A 2004 graduate of Gardner Edgerton High School, Strack was an All-Frontier League shortstop in addition to playing football and basketball. At Fort Scott Community College, he earned First Team All-Jayhawk Conference as a second baseman as a sophomore. At William Jewell, he secured First Team All-Heart of America Athletic Conference selections and won the HAAC Gold Glove Award twice. Additionally, as a senior, he was named First Team All-Region and a First Team NCAA Division II All-American after he hit .422 with 14 doubles, six triples and 12 home runs. He also led the nation in steals, with 62. Overall in his two seasons, he posted 99 steals, 30 doubles, 10 triples and 16 home runs, batting .386. As a senior in 2008, he also was selected for the Cecil Martin Award for Male Athlete of the Year. Strack, who later spent a decade coaching college and high school baseball, now runs a lawn care business with his wife, Lauren, and coaches his two sons Cooper(9) and Colton(7) in Grove, Okla.


Special Olympics Missouri

Special Olympics Missouri provides year-round sports training and athletic competition in a variety of Olympic-type sports for children and adults with intellectual disabilities, giving them continuing opportunities to develop physical fitness, demonstrate courage, experience joy, and participate in sharing of gifts, skills and friendship with their families, other Special Olympics athletes and the community. Globally, the organization is the world’s largest sports organization with nearly 5 million athletes in more than 170 countries. It also is a social movement. With initiatives to activate youth, engage kids and adults with intellectual disabilities, build communities and improve the health of our athletes, Special Olympics is changing the game for people young and old.

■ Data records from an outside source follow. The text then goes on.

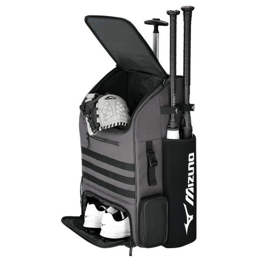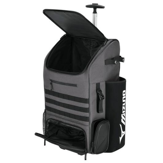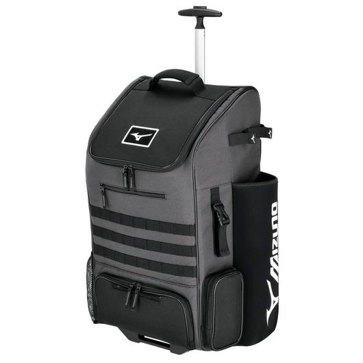 Elevate your game with the NEW Mizuno Pro Wheel Batpack, the ideal companion for baseball and softball players. This well-designed batpack offers features that make your time on the field more convenient. Safeguard your valuables, stay organized with the spacious main compartment, and carry up to four bats. With heavy-duty wheels and a telescopic handle, you can easily transport your gear, while a ventilated cleat compartment keeps your cleats fresh. Use the exterior loop buckle for securing your glove or helmet. The Mizuno Batpack ensures you're always ready to excel on the field.
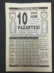 10 KASIM 2003-TAKVİM YAPRAĞI-DOĞUM GÜNÜ HEDİYESİ-TÜRKİYE GAZETESİ TAKVİMİ,ATATÜRKÜN VEFATI 1938,ATATÜRK HAFTASI,1.VARNA ZAFERİ,1444,KIRKLARELİNİN KURTULUŞU,1922,DÜNYA ÇOCUK KİTAPLARI HAFTASI,ZİMEM DEFTERİ
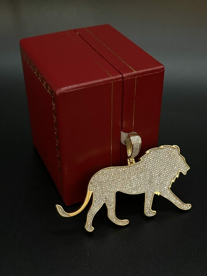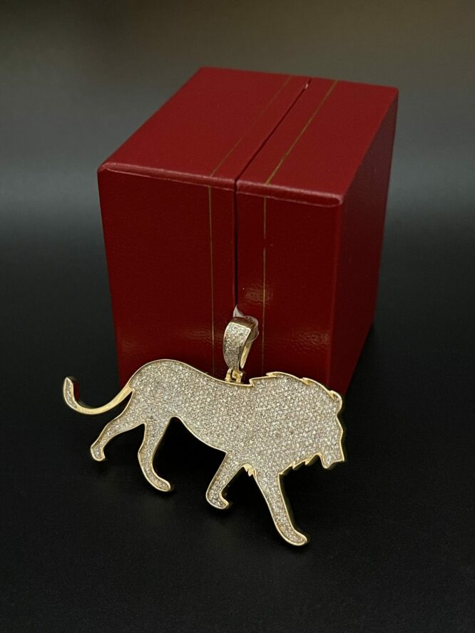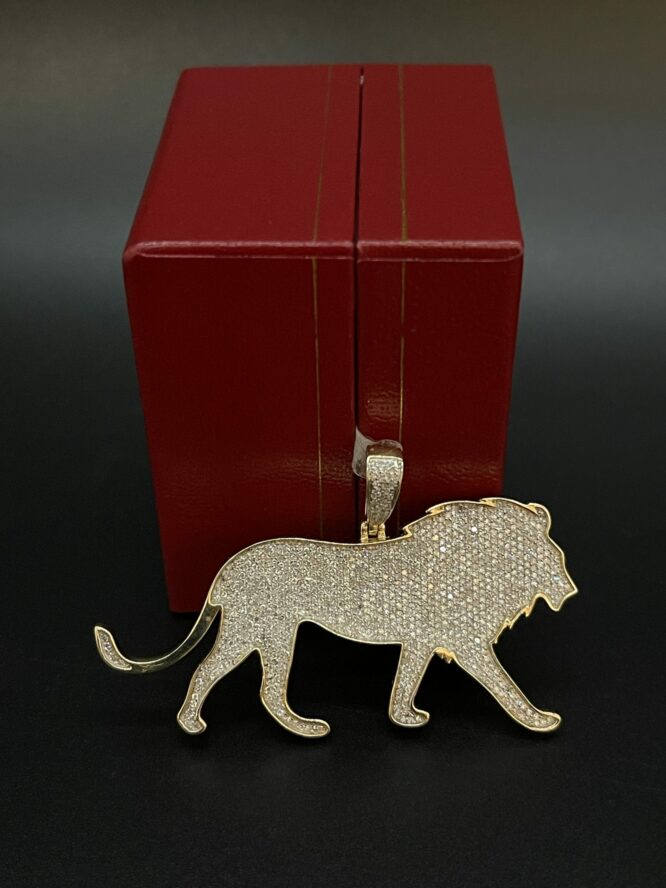 10KT Gold 1.30CT Dia Lion Body Pendant Solid Back Custom Made Honeycomb Setting Very Well Detailed Design

Police Athletic League of Kansas City

The Police Athletic League of Kansas City (PAL) offers fun, interactive programs for youth and Kansas City Police Department officers. PAL is rooted in the belief that all youth deserve the opportunity to expand their horizons and realize their full potential. From mountain biking to playing on the PAL baseball field, the league offers a wide range of activities that build kids’ confidence, motivation and offers a positive role model. In all PAL activities, a life skills curriculum is presented by PAL officers and all PAL youth are required to maintain a 2.0 grade point average in school or attend tutoring and make a good faith effort to raise their GPA. For KCPD officers, they learn as much from the kids as the kids learn from them. The PAL of Kansas City is a 501(c)(3) not-for-profit corporation that began as a community-oriented project in 1994 through Westside CAN Center in KCPD’s Central Patrol Division. In 1998, PAL obtained membership in the National Association of Police Athletic Leagues and incorporated as a 501(c)(3) with a board of directors and certification in the state of Missouri. All activities are funded through private donations and grants. No PAL activities are funded through the department.